[[ RECORDED DATA, beginning ]]

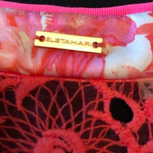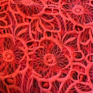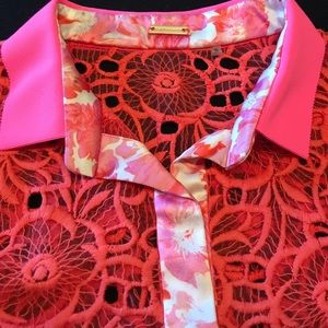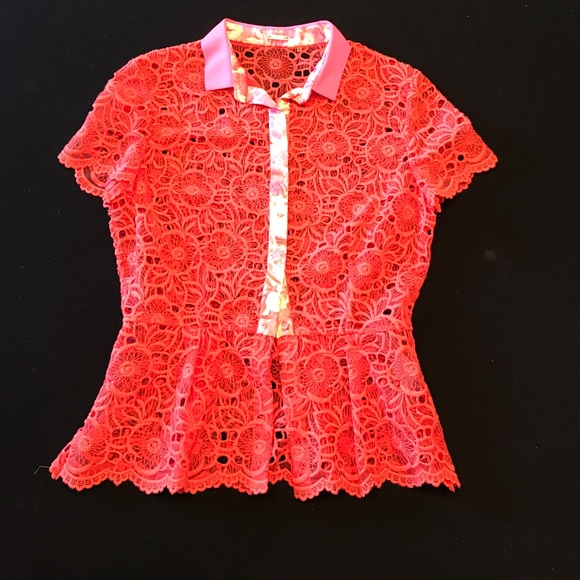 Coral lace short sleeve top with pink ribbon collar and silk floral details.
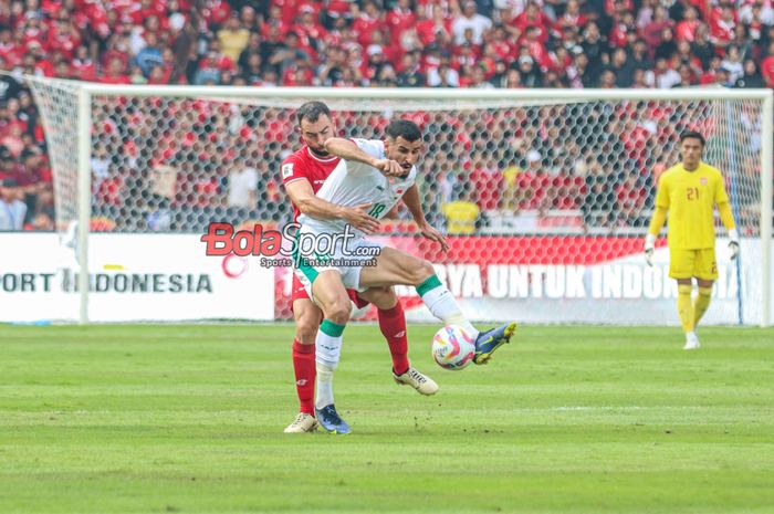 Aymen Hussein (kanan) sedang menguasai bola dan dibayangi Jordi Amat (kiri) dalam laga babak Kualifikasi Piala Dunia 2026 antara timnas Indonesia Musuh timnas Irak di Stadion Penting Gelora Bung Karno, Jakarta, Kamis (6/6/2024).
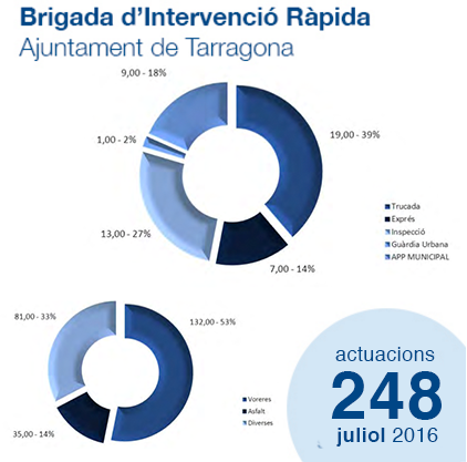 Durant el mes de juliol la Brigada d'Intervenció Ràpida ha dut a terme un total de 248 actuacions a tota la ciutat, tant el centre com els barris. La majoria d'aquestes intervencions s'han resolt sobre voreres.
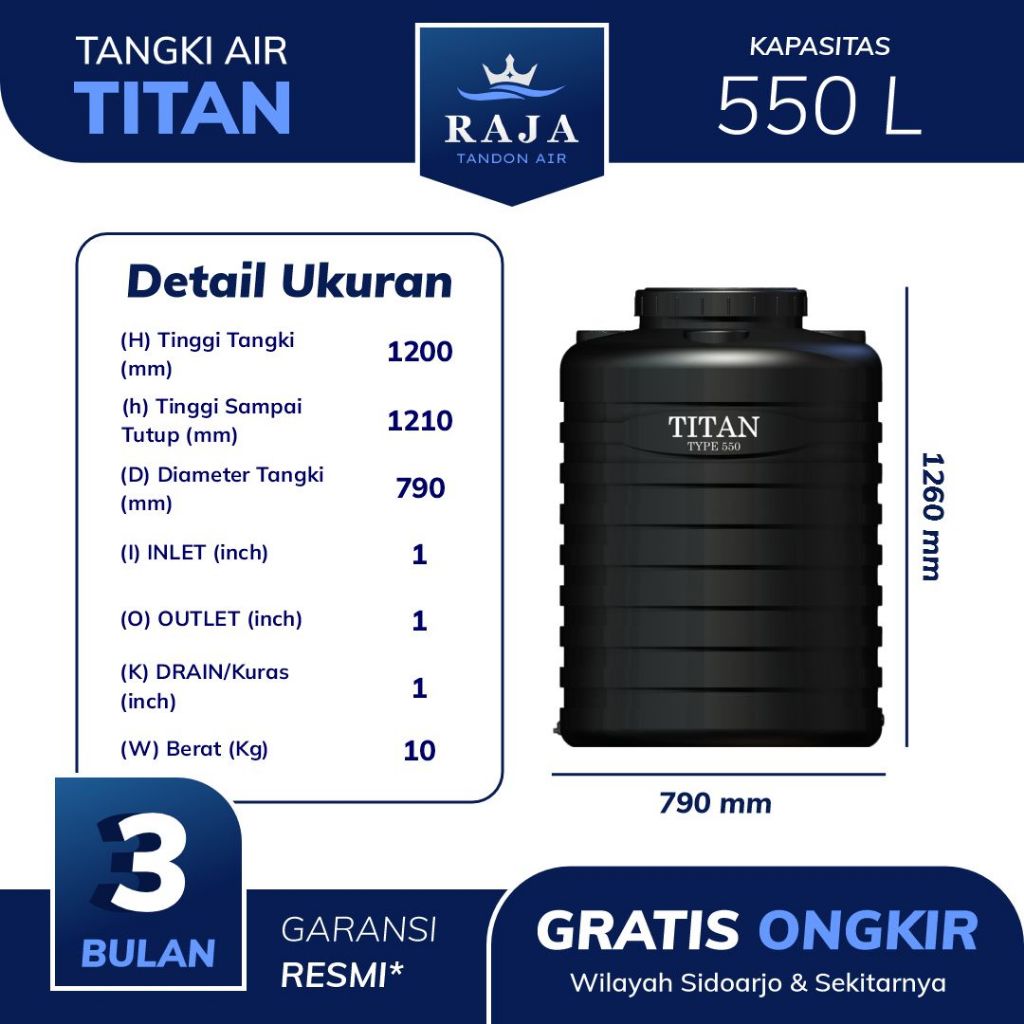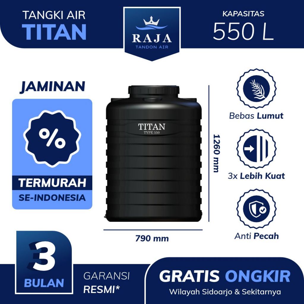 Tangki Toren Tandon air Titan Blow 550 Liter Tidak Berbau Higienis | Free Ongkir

[[ RECORDED DATA, end ]]

▸ **EXERCISE**:
Retype the listing exactly. Leave out its pictures.

▸ **COMPLETED TASK**:
 Coral lace short sleeve top with pink ribbon collar and silk floral details.
 Aymen Hussein (kanan) sedang menguasai bola dan dibayangi Jordi Amat (kiri) dalam laga babak Kualifikasi Piala Dunia 2026 antara timnas Indonesia Musuh timnas Irak di Stadion Penting Gelora Bung Karno, Jakarta, Kamis (6/6/2024).
 Durant el mes de juliol la Brigada d'Intervenció Ràpida ha dut a terme un total de 248 actuacions a tota la ciutat, tant el centre com els barris. La majoria d'aquestes intervencions s'han resolt sobre voreres.
 Tangki Toren Tandon air Titan Blow 550 Liter Tidak Berbau Higienis | Free Ongkir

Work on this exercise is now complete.